Introduction to Software Engineering


  • Software engineering is about teams. The problems to solve are so complex or large, that a single developer cannot solve them anymore.
  • Software engineering is also about communication.
  • Teams do not consist only of developers, but also of testers, architects, system engineers, customer, project managers, etc.
  • Software projects can be so large that we have to do careful planning.
  • Implementation is no longer just writing code, but it is also following guidelines, writing documentation and also writing unit tests. But unit tests alone are not enough.
  • The different pieces have to fit together. And we have to be able to spot problematic areas using metrics. They tell us if our code follows certain standards.
  • Once we are finished coding, that does not mean that we are finished with the project: for large projects maintaining software can keep many people busy for a long time.
  • Since there are so many factors influencing the success or failure of a project, we also need to learn a little about project management and its pitfalls, but especially what makes projects successful.
  • And last but not least, a good software engineer, like any engineer, needs tools, and you need to know about them.


  • When the first modern digital computers appeared in the early 1940s, the instructions to make them operate were wired into the machine.
  • At this time, people working with computers were engineers, mostly electrical engineers.
  • This hardware centric design was not flexible and was quickly replaced with the “stored program architecture” or von Neumann architecture.
  • Thus the first division between “hardware” and “software” began with abstraction being used to deal with the complexity of computing.
  • Programming languages started to appear in the 1950s and this was also another major step in abstraction.
  • Major languages such as Fortran, ALGOL, and COBOL were released in the late 1950s to deal with scientific, algorithmic, and business problems respectively.

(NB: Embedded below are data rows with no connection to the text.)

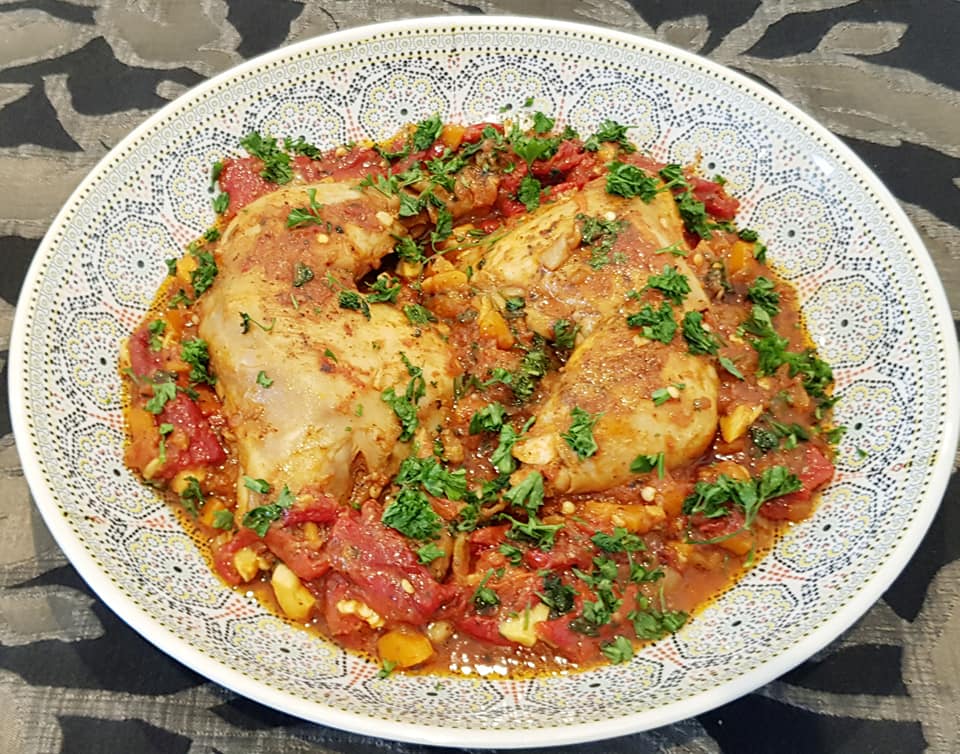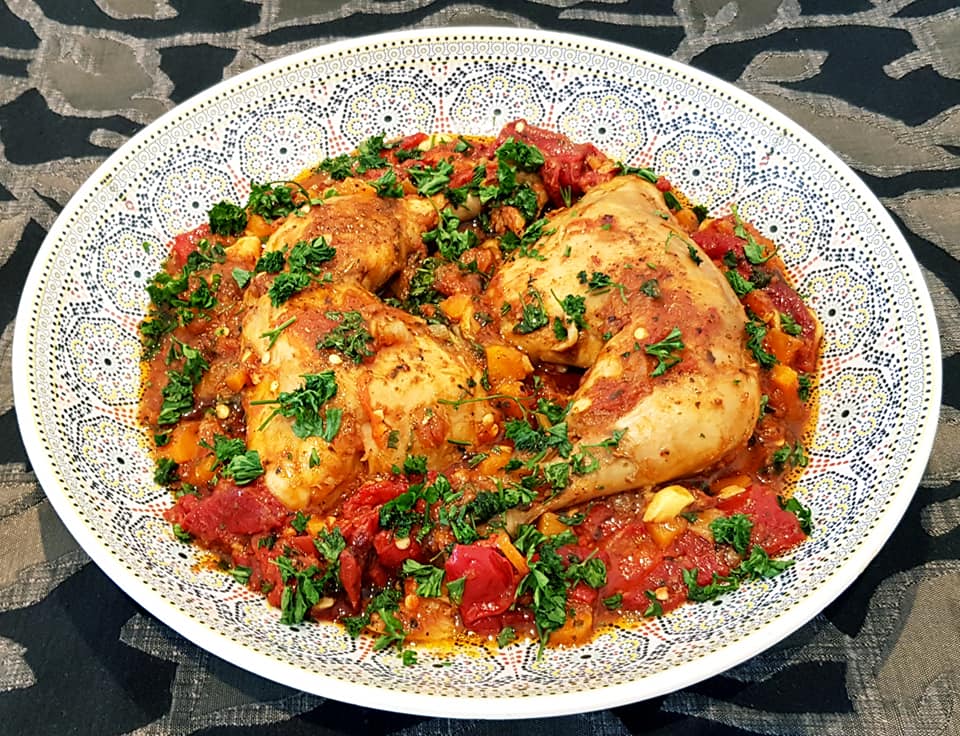 2 μπούτια κοτόπουλου χωρίς πέτσα προμαρινάρονται σε ελαιόλαδο, χυμό λεμονιού, πιπέρι και αλάτι
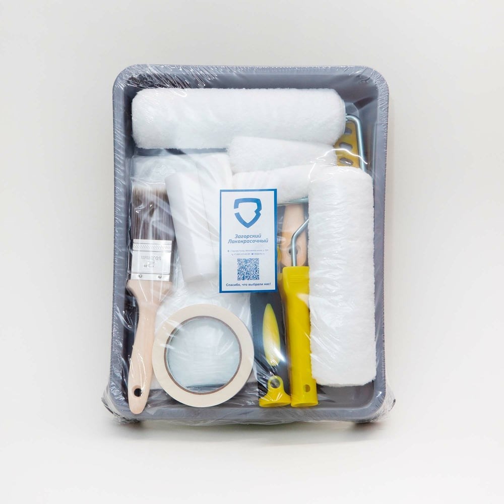 Малярный набор ЗАГОРСКИЙ ЛАКОКРАСОЧНЫЙ ЗАВОД 15 предметов ZLK06487 включает в себя все необходимое для полноценного окрашивания любой поверхности. Есть бюгели для сменных роликов и рулон скотча для разграничивания зон окрашивания. Размеры инструмента подойдут для любых объемов работ и стен различной сложности.
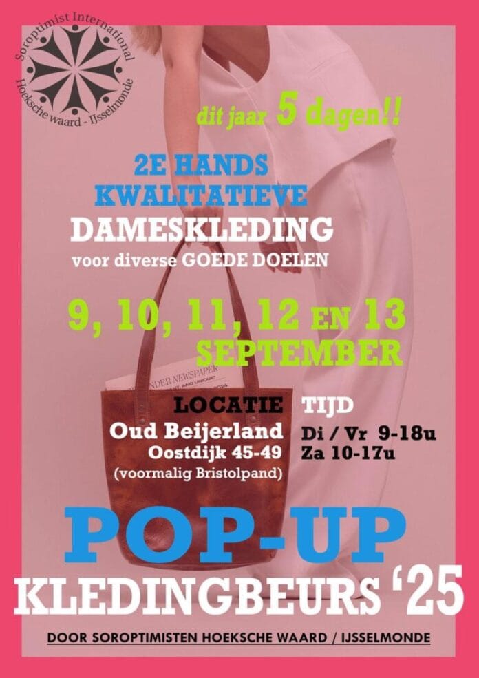 Goed nieuws voor modeliefhebbers en vintagejagers met een warm hart: de legendarische Pop-Up Tweedehands Dameskledingbeurs in Oud-Beijerland komt terug – en dit jaar langer dan ooit! Van dinsdag 9 t/m zaterdag 13 september kun je vijf dagen lang komen struinen tussen een stijlvolle, zorgvuldig geselecteerde collectie kleding, schoenen en accessoires voor dames en meiden.
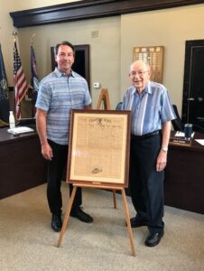 Below is an image of (now former) Mayor Brian Wallace, accepting on the Borough’s behalf (by Resolution 2021-04), the gifted April 1, 1931 Chalfont News publication from Mr. Everett Wick on August 9, 2021.
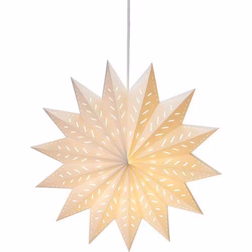 Julstjärna i papper av en lite kraftigare kvalitet med stansade hål som silar ljuset på ett vackert sätt. Stängs med snöre och snörstopp. Köp till E14 sladdställ och ljuskälla, max 25W. Höjd 50cm, bredd 50cm och djup 30cm
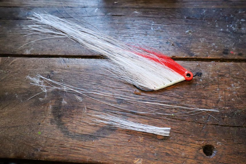 Deceiver (avec ou sans tail) Hampe moyenne ou armement double « stinger », avec VMC ou partrige patriot Bucktail monté en ligne de part et d’autre de la hampe. Une en queue et une en tête. Séparé par une chenille longue Une dizaine de fibres de flashabou magnum suffisent pour la queue et pour la tête Classique sur une base œil plat/résine UV.
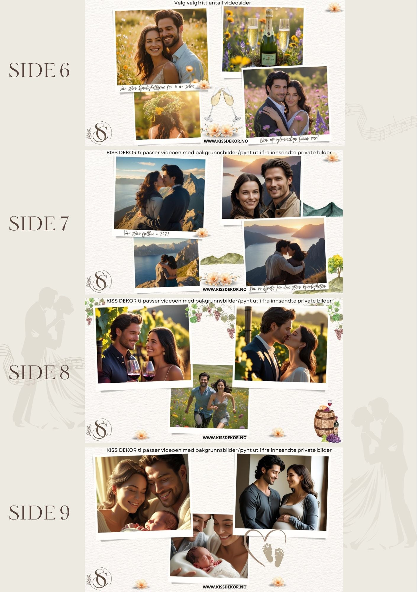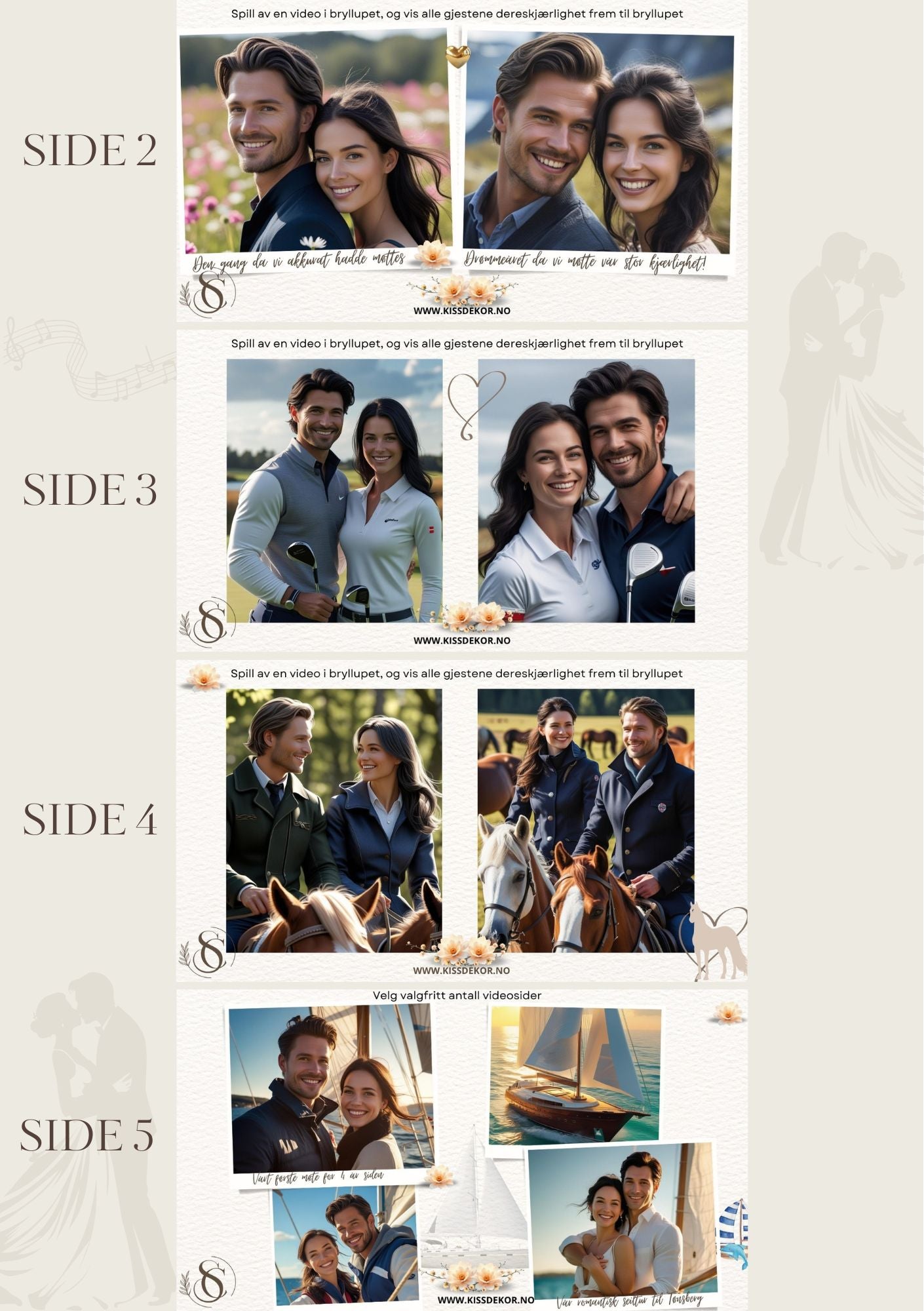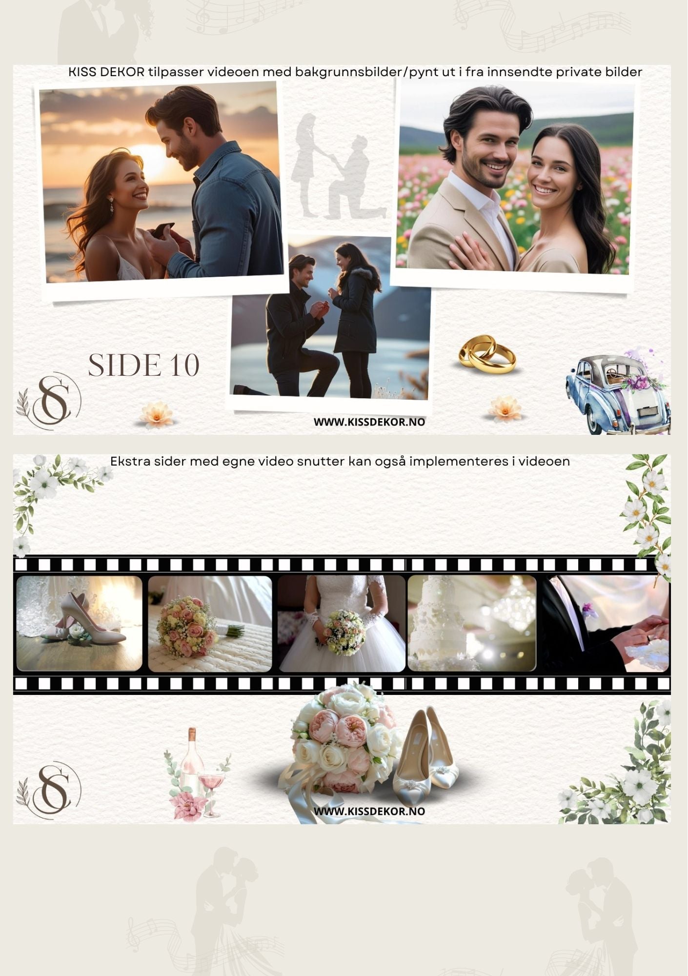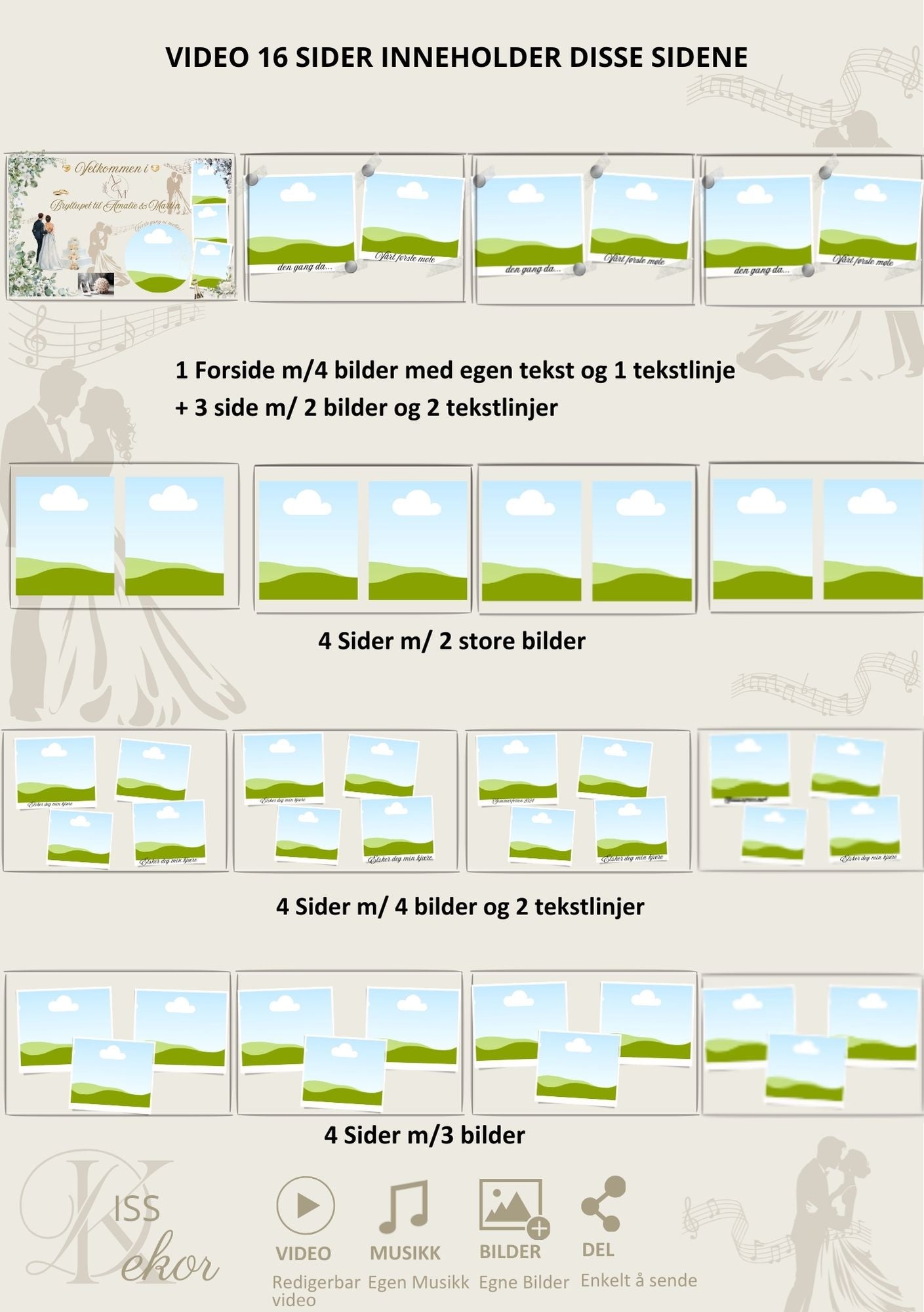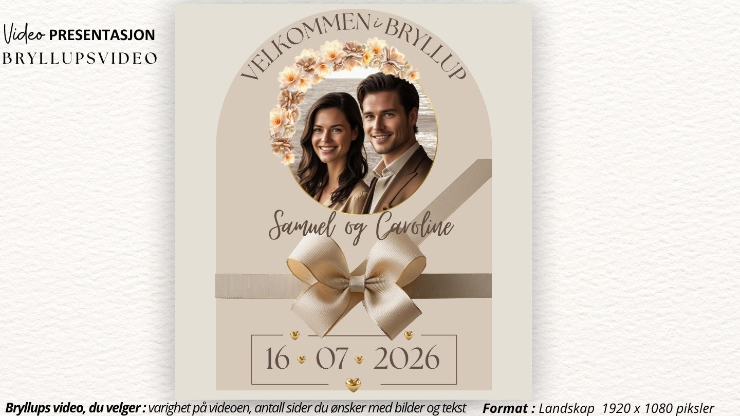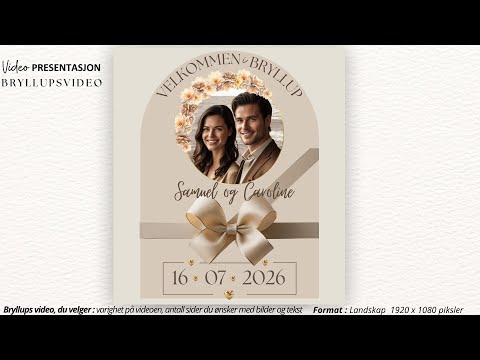 Dette er en tilpasset video, som betyr at du får videoen laget med dine egne bilder og tekst i valgt design. KISS DEKOR klargjør og tilpasser videoen spesielt til deres bryllup.

E.W. Dijkstra wrote his seminal paper, “Go To Statement Considered Harmful”,in 1968 and David Parnas introduced the key concept of modularity and information hiding in 1972 to help programmers deal with the ever increasing complexity of software systems.
  • A software system for managing the hardware called an operating system was also introduced, most notably by Unix in 1969. In 1967, the Simula language introduced the object-oriented programming paradigm.
  • These advances in software were met with more advances in computer hardware.
  • In the mid 1970s, the microcomputer was introduced, making it economical for hobbyists to obtain a computer and write software for it. This in turn led to the now famous Personal Computer (PC) and Microsoft Windows.
  • The Software Development Life Cycle or SDLC was also starting to appear as a consensus for centralized construction of software in the mid 1980s.
  • The late 1970s and early 1980s saw the introduction of several new Simula-inspired object-oriented programming languages, including Smalltalk, Objective-C, and C++.
  • Open-source software started to appear in the early 90s in the form of Linux and other software introducing the “bazaar” or decentralized style of constructing software.
  •  Then the World Wide Web and the popularization of the Internet hit in the mid 90s, changing the engineering of software once again.
  • Distributed systems gained sway as a way to design systems, and the Java programming language was introduced with its virtual machine as another step in abstraction. Programmers collaborated and wrote the Agile Manifesto, which favored more lightweight processes to create cheaper and more timely software.
  • The current definition of software engineering is still being debated by practitioners today as they struggle to come up with ways to produce software that is “cheaper, better, faster”. Cost reduction has been a primary focus of the IT industry since the 1990s.
  • Total cost of ownership represents the costs of more than just acquisition. It includes things like productivity impediments, upkeep efforts, and resources needed to support infrastructure.

Software Engineer

  • Software engineering is done by the software engineer, an engineer who applies the principles of software engineering to the design, development, testing, and evaluation of software and systems that make computers or anything containing software work.
  • There has been some controversy over the term engineer, since it implies a certain level of academic training, professional discipline, adherence to formal processes, and especially legal liability that often are not applied in cases of software development.
  • In 2004, the U. S. Bureau of Labor Statistics counted 760,840 software engineers holding jobs in the U.S.; in the same period there were some 1.4 million practitioners employed in the U.S. in all other engineering disciplines combined.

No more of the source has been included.